JAGUARS @ BILLS: Are the Bills and JP finally starting to click? Well the Jags defense probably won't let Lee "You'll be living in" Evans "down by the river" get open in this one. This should be a defensive struggle with both teams looking to rumble, bumble stumble their ways to a victory. Look for a big game for Donte Whitner- of our discontent. Texans beat the Jags twice. Bills beat the Texans, ergo Bills take it 14-13.

CARDINALS @ VIKINGS: Once upon a time, some people thought the Vikings were playoff contenders. Well lately they've been anything but. They actually lost a game in which they held Miami to -3 rushing yards! Well the Vikes may need to harken the spirits Warren "Cow jumped over the" Moon if they want to make any noise down the stretch. However Denny Green's return to the land of Ten Thousand Lakes will not be a pleasant one and number one pick here you come Arizona, as not even the return of Neil Fa-Lomax in his prime, could help ya now. Vikes win! Vikes win! Vikes win! 21-9

TEXANS @ JETS: David "get out of my dreams and get into my" Carr continues to have a solid season, as the Texans remain fiesty and competitive. But Chad Pennington "for your thoughts", will look to rebound from an awful showing against, DA Bears, in week eleven. Eric Mangini "with clam sauce", take a look at what the Bills did and try and go at the Texans' secondary with the walls of Jericho Cotchery. Jets win it 27-20.

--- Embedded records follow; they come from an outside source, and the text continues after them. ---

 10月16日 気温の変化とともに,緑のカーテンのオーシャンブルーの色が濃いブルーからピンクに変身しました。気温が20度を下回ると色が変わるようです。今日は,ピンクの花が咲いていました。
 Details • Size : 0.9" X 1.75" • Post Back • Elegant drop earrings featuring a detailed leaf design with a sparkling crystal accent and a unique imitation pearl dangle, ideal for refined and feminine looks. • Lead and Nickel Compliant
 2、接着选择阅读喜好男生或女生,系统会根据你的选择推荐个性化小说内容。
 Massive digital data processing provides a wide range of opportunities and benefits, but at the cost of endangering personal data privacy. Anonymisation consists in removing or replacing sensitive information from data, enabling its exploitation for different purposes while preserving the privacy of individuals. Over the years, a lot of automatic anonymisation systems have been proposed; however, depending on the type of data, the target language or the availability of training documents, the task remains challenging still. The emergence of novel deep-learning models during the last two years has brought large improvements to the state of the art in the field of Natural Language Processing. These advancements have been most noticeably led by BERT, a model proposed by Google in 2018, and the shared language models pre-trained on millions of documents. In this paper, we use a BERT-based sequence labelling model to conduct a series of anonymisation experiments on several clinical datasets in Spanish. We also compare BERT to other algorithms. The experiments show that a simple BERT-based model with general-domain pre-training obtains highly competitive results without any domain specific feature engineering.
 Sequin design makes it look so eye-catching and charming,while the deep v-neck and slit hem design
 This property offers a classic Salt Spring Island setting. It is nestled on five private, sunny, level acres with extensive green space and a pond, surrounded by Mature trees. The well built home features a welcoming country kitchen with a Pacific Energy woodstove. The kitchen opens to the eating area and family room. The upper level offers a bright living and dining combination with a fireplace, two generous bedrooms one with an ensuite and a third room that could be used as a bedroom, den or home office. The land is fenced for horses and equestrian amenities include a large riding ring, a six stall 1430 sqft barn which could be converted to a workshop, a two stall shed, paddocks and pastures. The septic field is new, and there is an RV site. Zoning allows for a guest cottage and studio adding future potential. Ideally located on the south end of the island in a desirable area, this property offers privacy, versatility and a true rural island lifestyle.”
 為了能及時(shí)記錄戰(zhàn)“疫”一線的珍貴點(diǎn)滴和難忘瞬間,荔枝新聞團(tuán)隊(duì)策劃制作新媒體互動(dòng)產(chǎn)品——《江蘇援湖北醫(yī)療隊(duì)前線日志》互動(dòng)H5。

49ERS @ RAMS: Well, Mike Nolan has a done a decent job in San Fran, and it doesn't hurt that Frank "Quoth the Raven, never" Gore has been running all over teams. Could be much of the same against the Rams, as they are giving up close to four yards per carry. But it'll be the arm of Marc "battle of the" Bulger that'll win it for the Rams 31-28.

RAIDERS @ CHARGERS
: The Raaaaaaaaaaiiiiiiidahs have shown brief signs of life. While Randy, Moss grows fat on a rolling stone, continues to pout on the sidelines. I have a hunch he'll be joined by a lot of other sad faces in this one as Philip A-Rivers runs through it, carves up the secondary and LT runs over the secondary. The Lightin' Bolts win it big....34-10

GIANTS @ TITANS: The G-Men need this one bad to try and right the ship. They need to pressure Vince Young and the Restless and force lots of mistakes and they will. Antonio "A Separate" Pierce will come up big in this one as the New York football Giants roll along to a 23-16 victory.

PACKERS @ SEAHAWKS:
Well the gunslinger, Brett Favre and Away will look to shine on Monday Night, like he's done so many times before. Standing in his way the Seahawks defense led by Lofa Tatupu-platter and company. But the Packers should be more worried about their defense. Because even Seneca "falls, women's rights convention of 1848" Wallace could beat the Packers secondary which looks not Gouda but more like Swiss! Seahawks win it 31-21.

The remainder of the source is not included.